Tesla investors are mad at Musk for focusing solely on Twitter
Tesla investors They are left wondering whos truly employment electric vehicle like maker stock Communicationes to fall, stronghold It adds another crew to a Michigan plant to support it EV pickup truck output f Tesla much less than caught End-From-year sales forecast. All that and more in morning shift For Wednesday, December 14, 2022.
Step one: Tesla investors think Musk should stop obsessing over Twitter
Tesla stock continues to fall, and now individual investors are worried about it Elon Musk’s focus on his latest acquisition, Twitter. The situation has left some wondering who actually makes the decisions Texas-based electric car maker.
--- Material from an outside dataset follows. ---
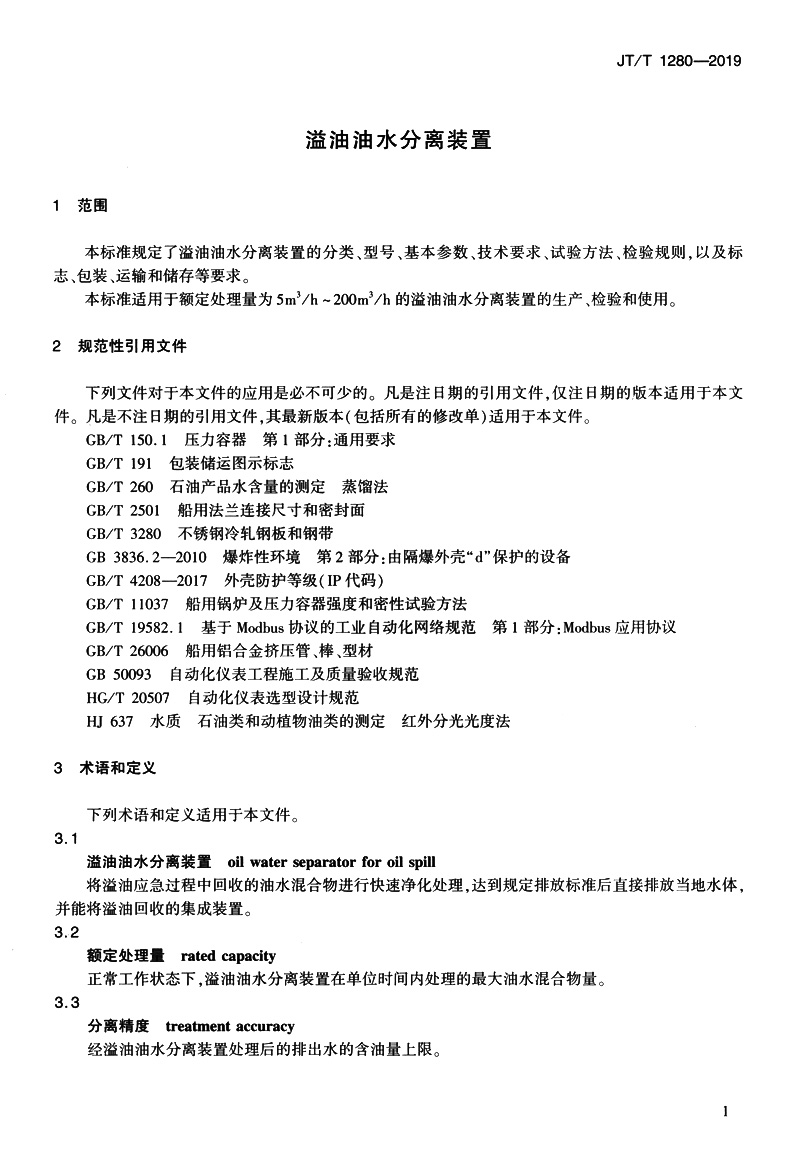 书名:溢油油水分离装置(JT/T 1280—2019)

Gary Black, managing partner of Future Fund LLC, which owns about $50 million in Tesla stock, He recently tweeted, “No CEO of TSLA today.” that – that’It is a very stark indictment of a corporate CEO. From Wall Street Journal:
Mr. Black expressed his frustration after another sharp sell-off in Tesla stock on Monday. Shares in the world’s largest automaker by market value fell more than 6% in Monday’s trading after a turbulent weekend for Mr. Musk on Twitter, including the billionaire targeting the company’s former trust and safety boss; calls for the prosecution of the US government’s chief medical adviser Anthony Fauci; Criticizing those who offer their pronouns without being asked.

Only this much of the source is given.